Now obviously the building design must be married to the building construction methods...a straw and mud house is not likely to be capable of supporting a basement and multiple floors. Likewise if all the home designer wants is a single-storied no garage home with as little expense as possible then they aren't going to want it built with granite and marble with greek columns and a parthenon in the backyard.

Now back to semiconductors...each chip's design is represented by a set of masks..each mask is used by the litho tool to print into photoresist the specific circuit layouts needed to eventually form the entire chip.

Except in special circumstances (not production situation) an entire wafer is printed with the same mask set at every level. The mask itself is not a full-wafer in size but it can contain multiple die if the die are small.

TSMC builds everyone's wafers on the same assembly line. Where the wafers get special treatment is in the litho machines, depending on what the wafer is supposed to be (a fermi, a cypress, etc) will determine which mask (they will be called reticles at this point in the process on the floor in the fab) is pulled and used for printing.

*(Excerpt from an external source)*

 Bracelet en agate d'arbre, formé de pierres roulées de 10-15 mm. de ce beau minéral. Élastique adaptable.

There are sub-nodes, your intentionally cold transistors versus your intentionally hot transistors, and these differences are handled at implant plus a few other places (gate ox nitridation, etc). Things get complicated in an N! way when you get into the nitty gritty details.

But essentially the fab could care less what you printed onto the wafers, the customer determines what the layout is on the reticles and how things are handled at test, etc, but production-wise a wafer is a wafer is a wafer.

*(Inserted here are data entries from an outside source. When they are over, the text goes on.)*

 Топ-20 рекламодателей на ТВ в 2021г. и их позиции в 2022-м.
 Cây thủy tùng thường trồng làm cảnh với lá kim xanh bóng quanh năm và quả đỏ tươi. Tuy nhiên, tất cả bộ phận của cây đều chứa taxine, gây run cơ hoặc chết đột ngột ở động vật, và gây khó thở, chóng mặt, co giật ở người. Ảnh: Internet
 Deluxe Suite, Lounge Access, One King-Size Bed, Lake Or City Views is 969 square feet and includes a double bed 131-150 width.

How would "fusing" circuits off work? Or, a better question would be, if there are multiple variants of a common circuit, how are those managed? Say a GPU with 200SPs vs GPU with 400SPs. Rather than disabling 200SPs, there are parts that are seperate die. Wouldn't it be much simpler to make a single die and disable them instead?

I guess the benefits can be tremendous if they can manage having multiple dies rather than fusing them off.

Understand that each unique die is surrounded by what is called a die-scribe on the wafer. You can't cut apart die into smaller functioning die without cutting about the scribe-seal...the scribe-seal is what keeps the environment out of the chip (and some of the unfriendly stuff inside the chip) so that the chip lives a nice long lifespan. Break that scribe-seal and your chip might operate a month or two before dying from hot carriers, etc, that have diffused into the chip from the environment.

Fusing works very much as the name implies...the current that would ordinarily head into a particular circuit is shunted across a fuse. The fuse being an intentionally conditioned region of polysilicon which is susceptible (in a known and controllable manner) to overheating and literally vaporizing resulting in an open circuit. Just as a fuse works on the macro-level. Fuses are intelligently included in the layout such that circuits can be fused off if they are redundant (extra cache lines) or if they are not needed for the SKU (GTX480, 470, etc).

Not all fuses are designed to "blow" in the same manner. Some are simply designed to result in a resistance shift such that when incorporated in a pull-down or pull-up circuit the resultant resistance shift is enough for the circuit to be toggled on or off. This is things like core unlocking become possible. If AMD really wanted to prevent core-unlocking they would implement fuses that truly blow-open in an unrecoverable way. Not that this could be done overnight...developing a fuse design for a given technology node (and they are node dependent) is just as much an R&D endeavor as developing any other IC component for the node (such as a capacitor or inductor, etc) complete with all the reliability impact studies, yaddi yadda.

The downside to fusing is that fuses themselves take up diespace, they are not 100% reliable (nothing ever is nor can it be) so you can actually lose yield solely due to a bad fuse in the die (they don't usually fuse off the fuses :p) and the stuff you are fusing off takes up die-space too so hopefully you really needed to get rid of it because it cost you a bit of money to create those circuits in the first place.
 

IntelUser2000

Elite Member
Oct 14, 2003
8,686
3,787
136
and the stuff you are fusing off takes up die-space too so hopefully you really needed to get rid of it because it cost you a bit of money to create those circuits in the first place.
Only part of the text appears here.